Materials provided.
^^^^
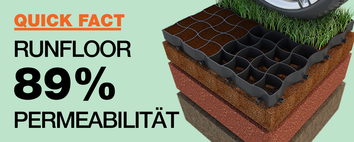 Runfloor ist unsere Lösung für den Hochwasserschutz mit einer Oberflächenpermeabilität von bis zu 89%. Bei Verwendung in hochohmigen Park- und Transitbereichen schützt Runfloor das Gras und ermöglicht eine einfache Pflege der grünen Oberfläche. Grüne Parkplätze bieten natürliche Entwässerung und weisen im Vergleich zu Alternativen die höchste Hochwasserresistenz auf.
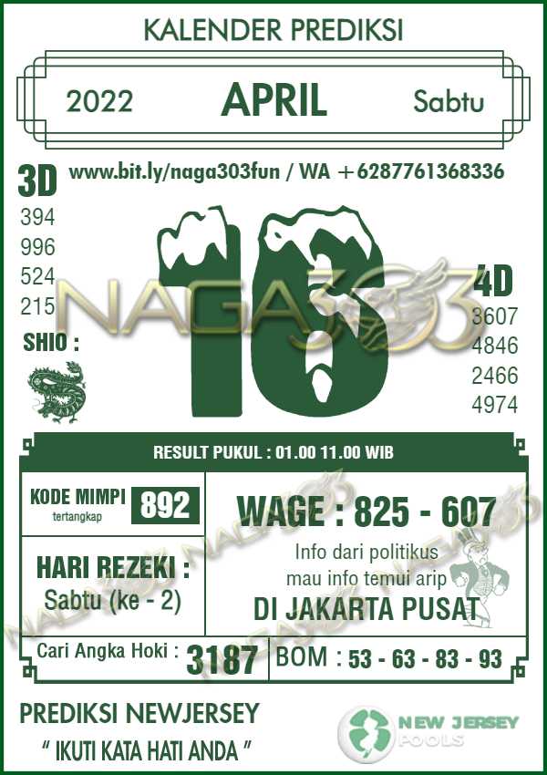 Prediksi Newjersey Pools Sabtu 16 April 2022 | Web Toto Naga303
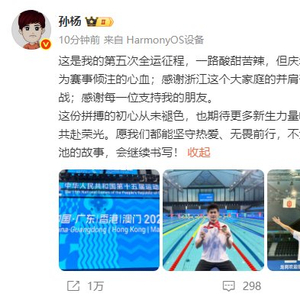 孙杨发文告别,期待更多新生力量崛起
^^^^
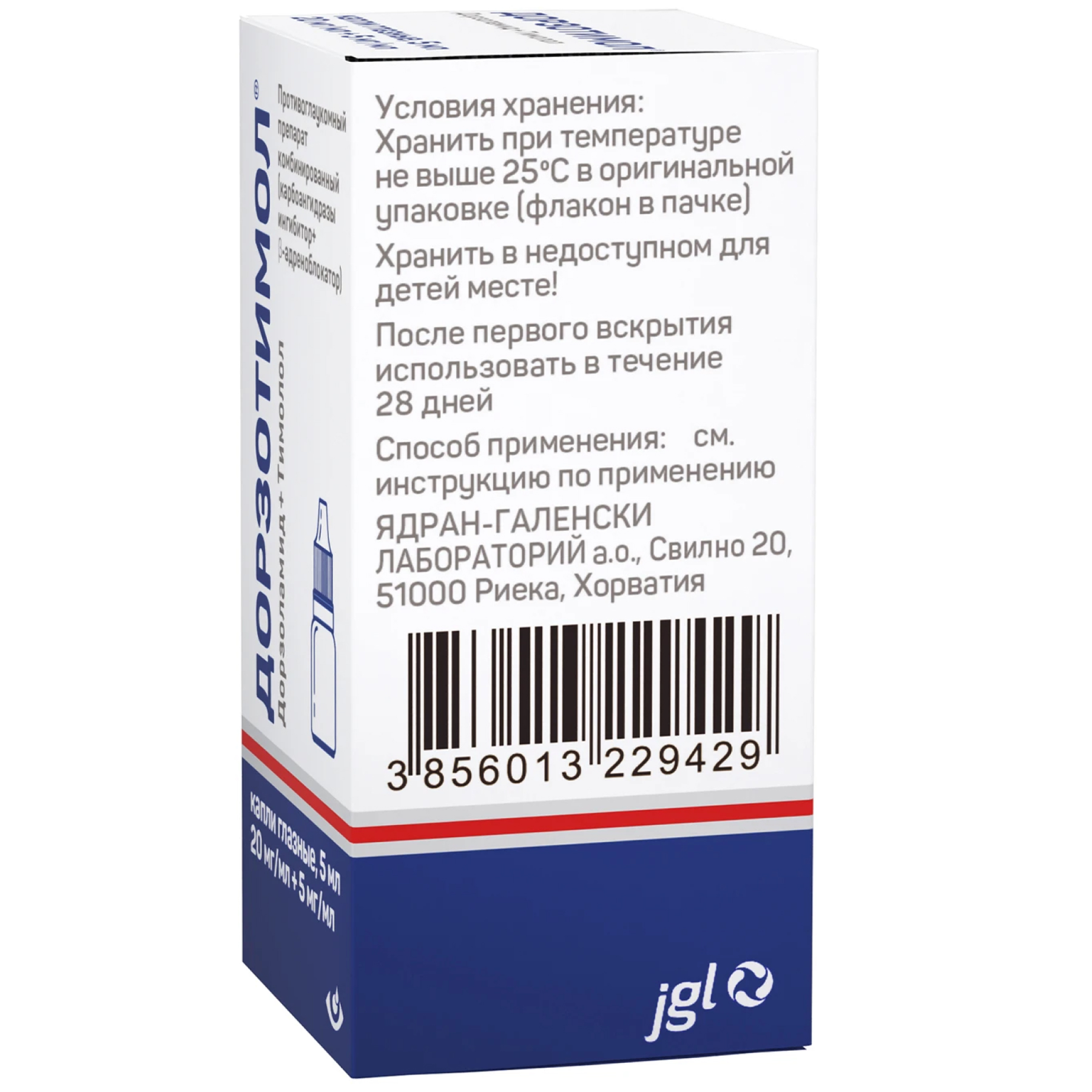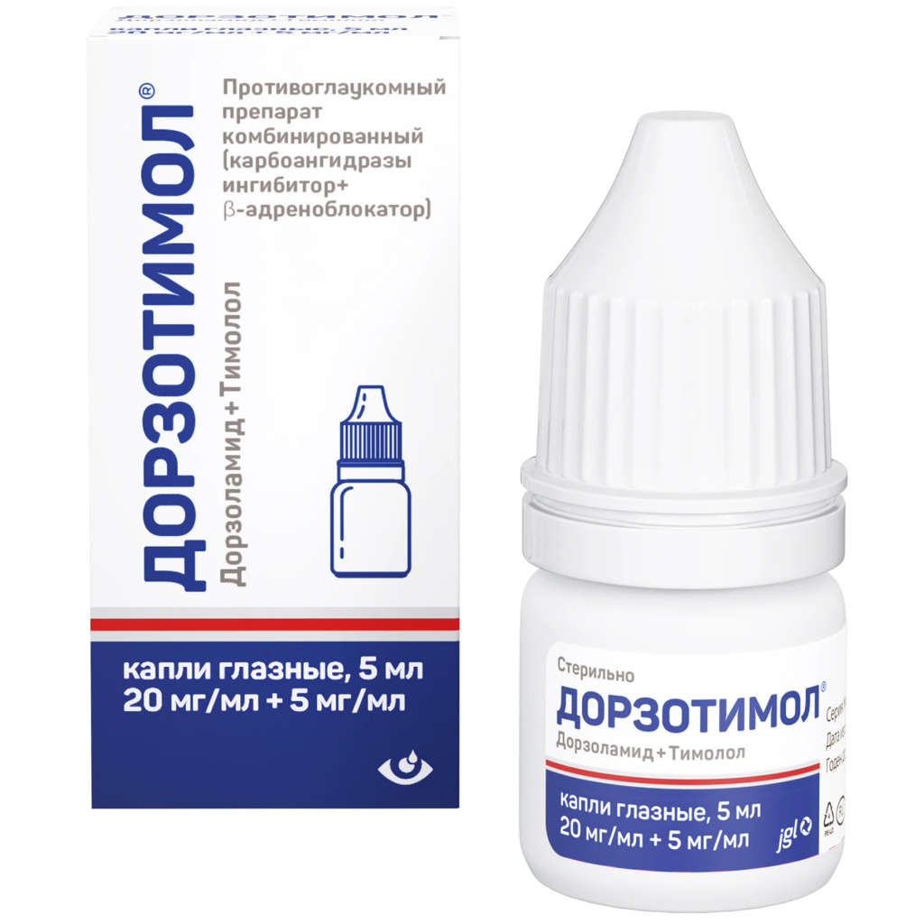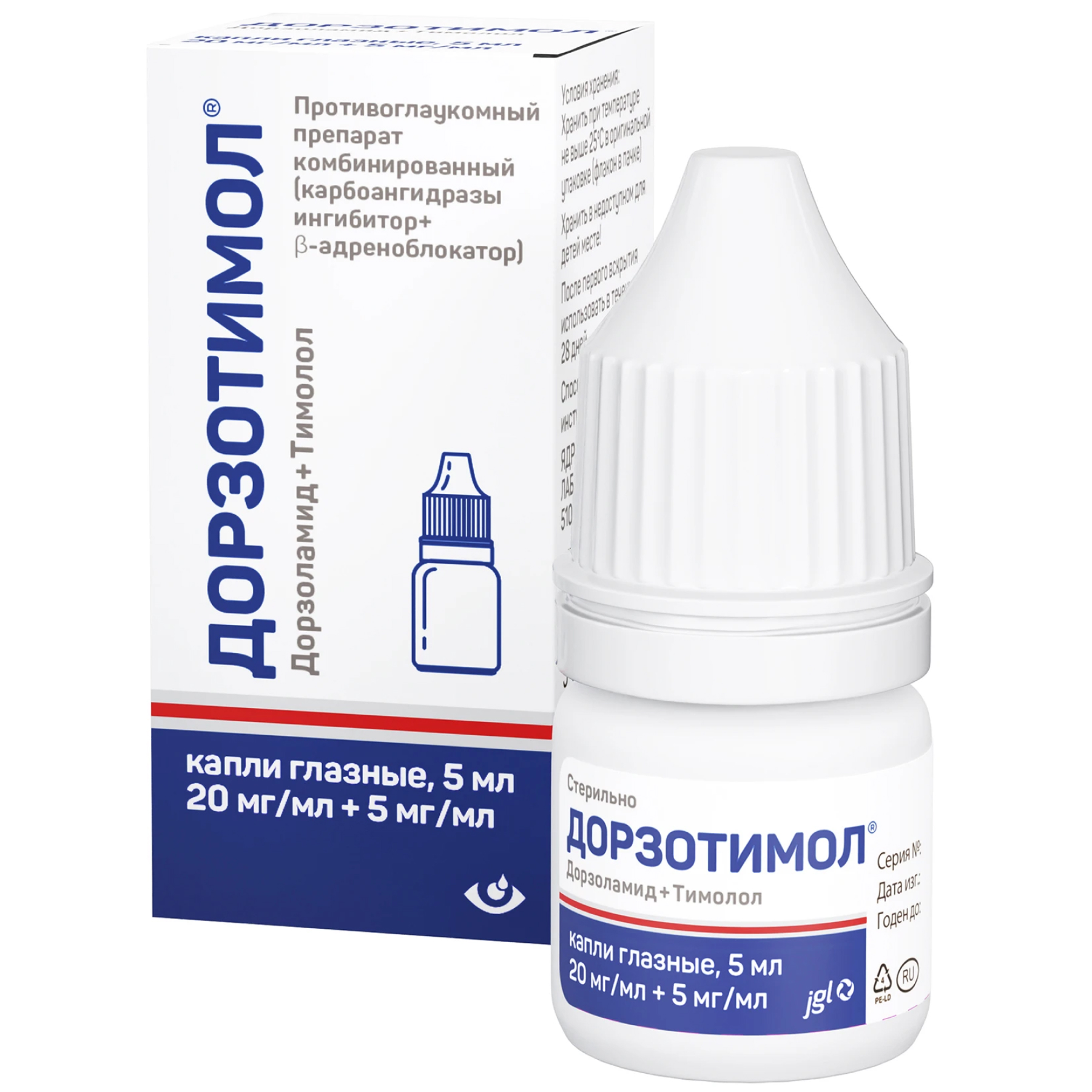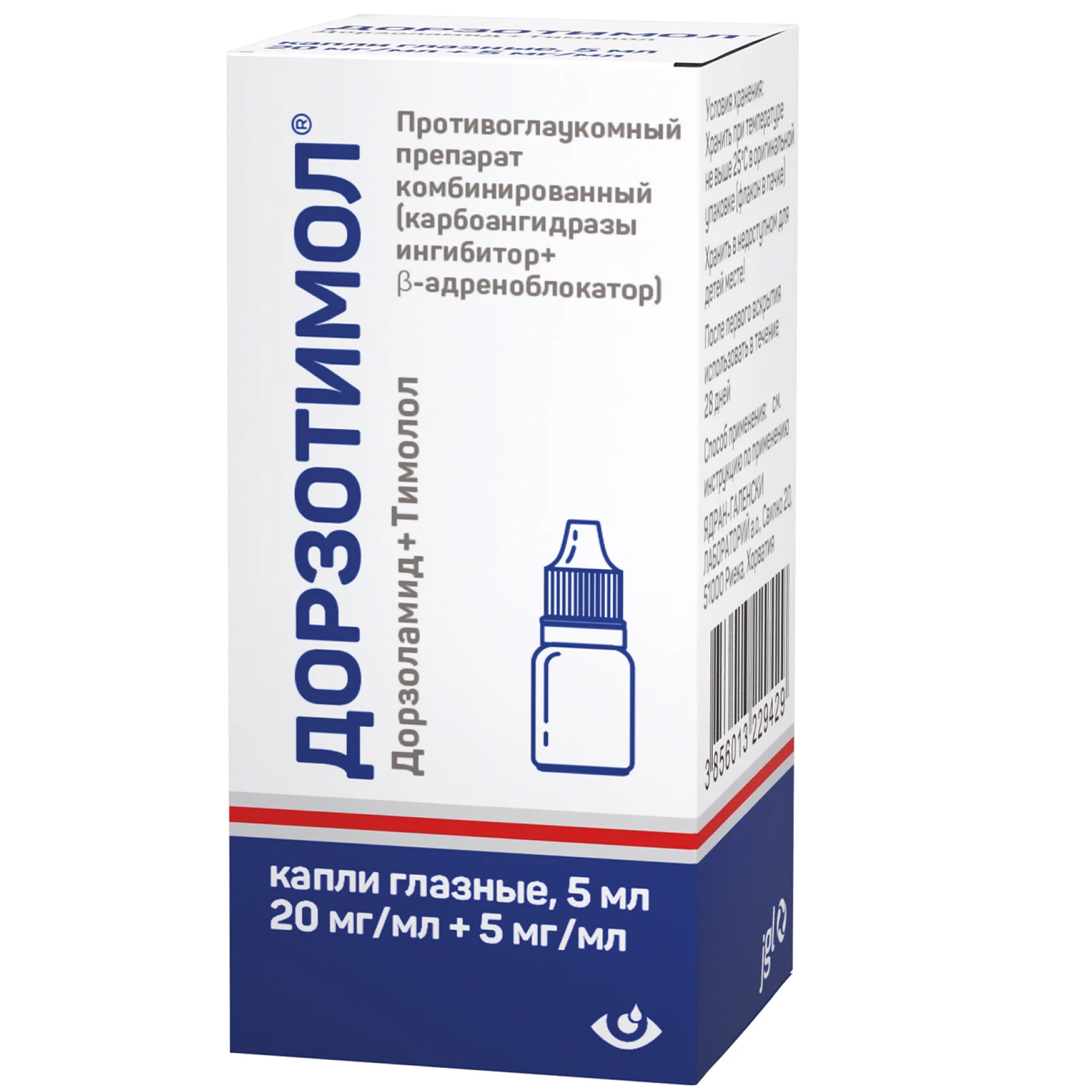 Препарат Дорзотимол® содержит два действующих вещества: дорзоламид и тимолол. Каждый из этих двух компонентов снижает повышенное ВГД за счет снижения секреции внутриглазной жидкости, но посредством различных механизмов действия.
^^^^
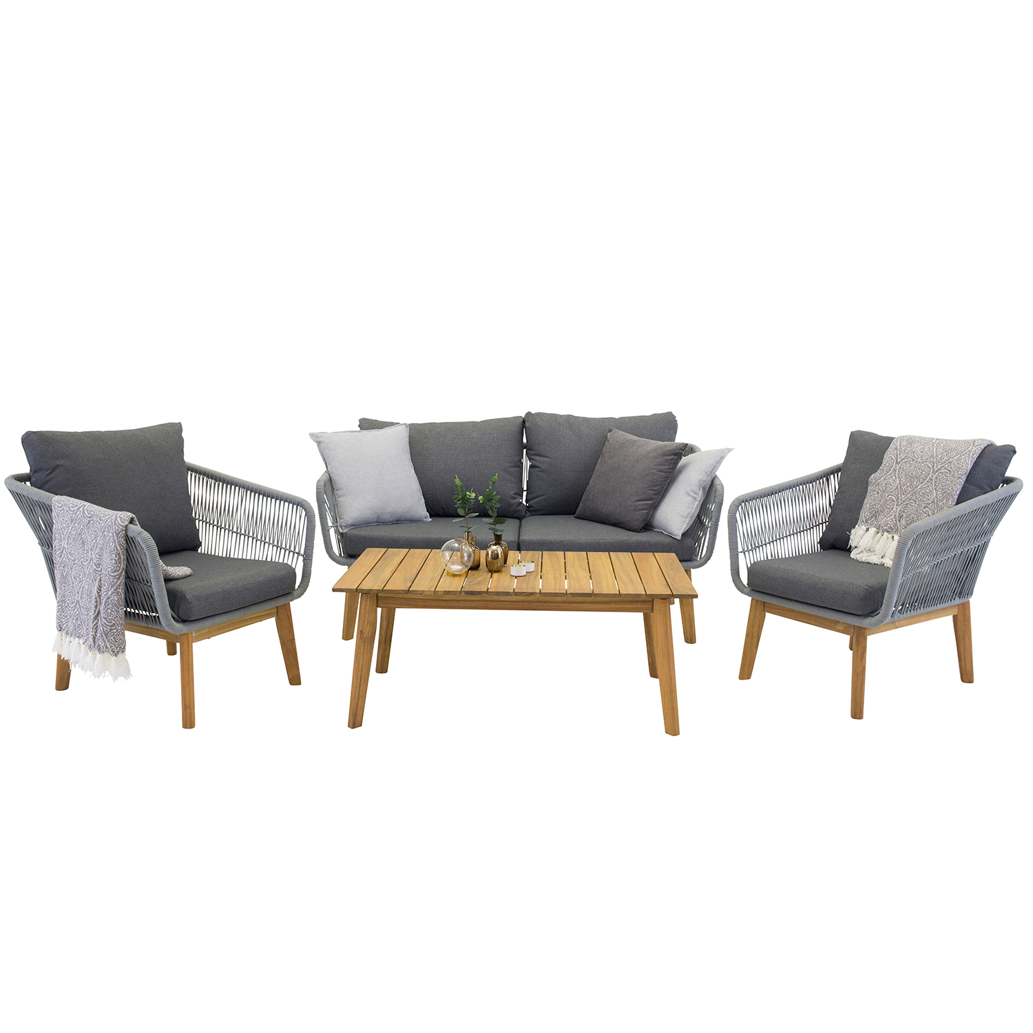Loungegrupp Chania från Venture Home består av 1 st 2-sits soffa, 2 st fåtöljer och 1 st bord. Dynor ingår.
^^^^
Assignment. Return the material from the line containing "Prediksi Newjersey Pools" through the line containing "孙杨发文告别,期待更多新生力量崛起", exactly and in full, but without its pictures.

Result.
 Prediksi Newjersey Pools Sabtu 16 April 2022 | Web Toto Naga303
 孙杨发文告别,期待更多新生力量崛起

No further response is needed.